When talking about finding security defects we first think of security testing and static analysis of the code. Although, penetration testing and secure code review can uncover many types of security issues in an application, there are gaps that simply cannot be found with these traditional analysis techniques. The interactions between the different systems are beyond the code review level and the complex interconnections are often not reachable from the penetration tester’s point of view. Discovering weaknesses in the design of a system is the specific goal of threat modeling. Organizations benefit from this software design analysis because they can perform it without code to discover potential vulnerabilities early in the development cycle.
This talk will describe one of the popular threat modeling methodologies and follow its process of identifying the assets, security controls, and threat agents for a given system, and then creating a prioritized list of attacks.
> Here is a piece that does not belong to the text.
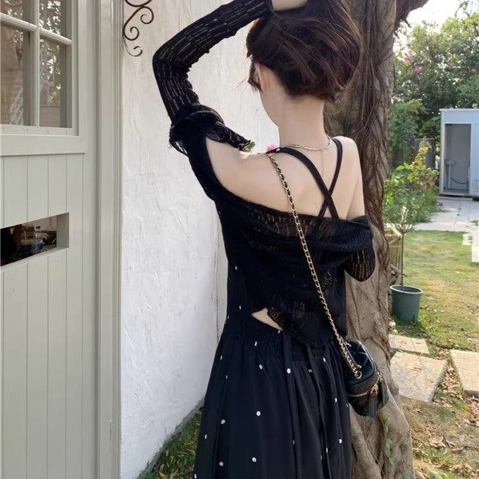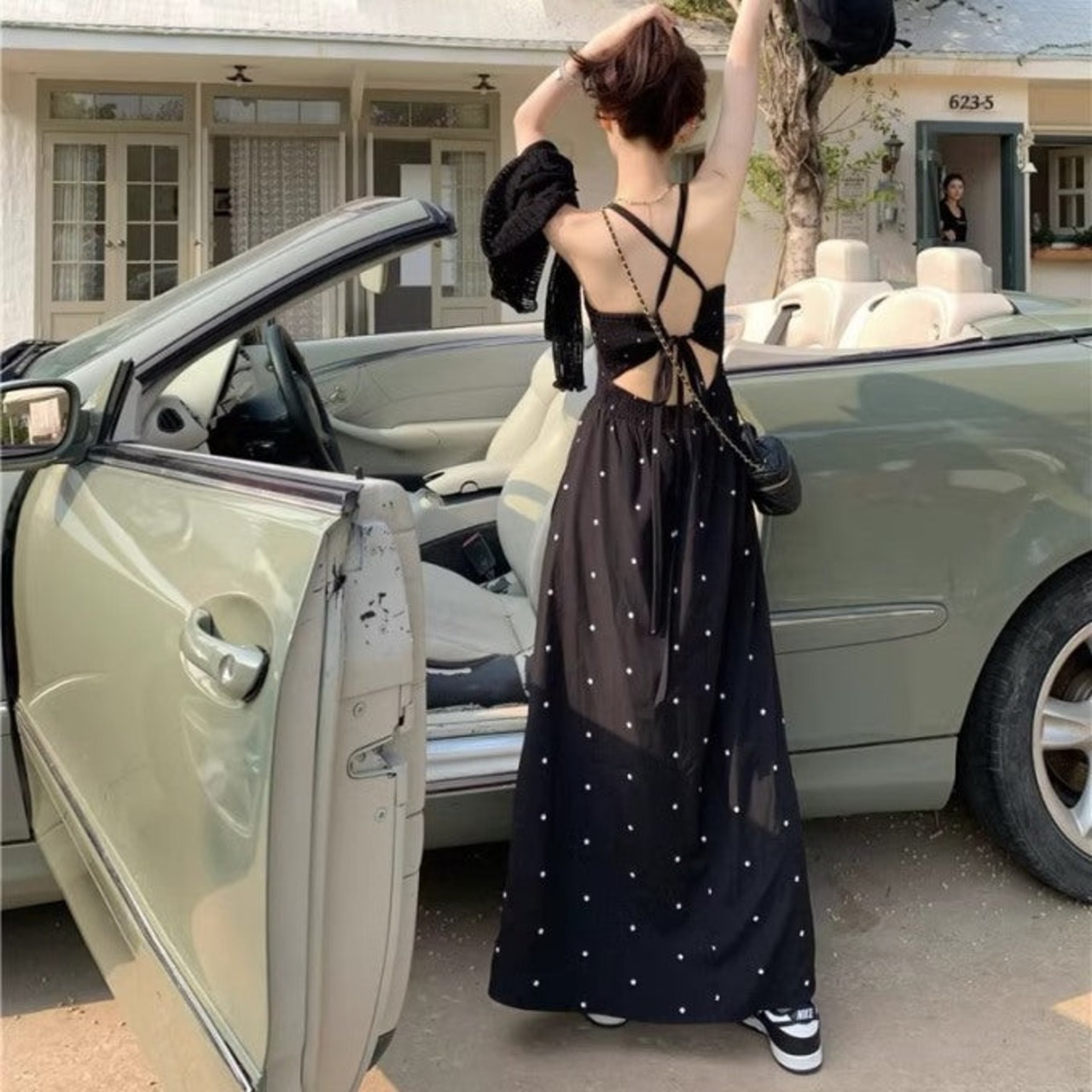 ドット ワンピース カットアウト バックシャン 韓国 ファッション フレア ロングワンピース 夏
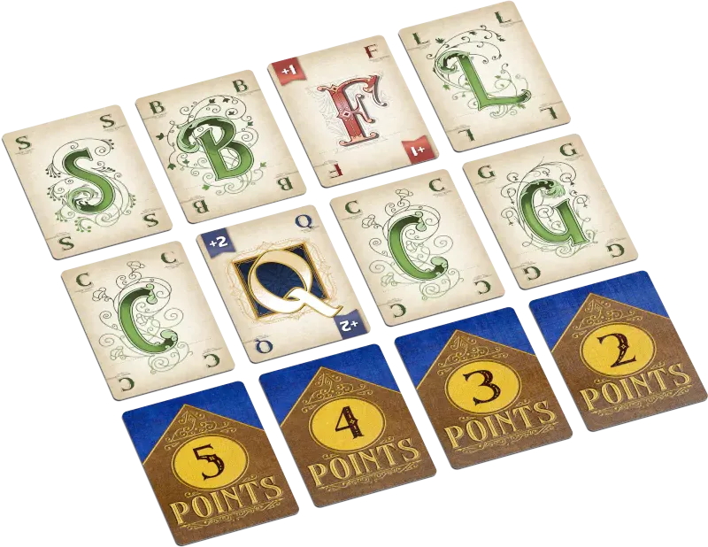 Deal two faceup letters above each point card. These letters will score, but you can use any letters when you play.

Security analysts together with system architects can then propose appropriate mitigations to be implemented by the team.
One of the leading application security vulnerabilities, cross-site scripting (XSS), has been consistently found in many corporate applications, regardless of traditional defense techniques, such as input validation and output encoding. Knowing the number of such vulnerabilities in the organization’s applications is only half the issue. To understand the real risk, it is important to know how many of these vulnerable applications actually get attacked on the day to day basis, and which specific instances of vulnerabilities are being exploited. Such information will answer the questions like: is a certain framework being exploited most of the time, because it has not been patched? Or is it an issue in the custom code that has not gone through the security code review process? Content Security Policy (CSP) is a new HTML5 technology that allows organizations not only protect their applications from cross-site scripting, ensure that the content of the site, such as audio, video, images, fonts, is only loaded from approved locations, but also to get reports on every violation of the policy, such as cross-site-scripting attempts.
This talk will discuss how to best implement Content Security Policy on the organization’s web sites and how to obtain data on the policy violations and attacks. We will first cover the basics of Content Security Policy, how the policy is configured, the possible security issues CSP may have, how it can be applied to an existing application or an application written from scratch. Then we will discuss the reporting mechanism, types of data returned in the violation reports, methods of aggregation, and browser support. At the end, existing report aggregation and analysis tools will be described, together with examples of existing CSP policies implemented by major social media companies.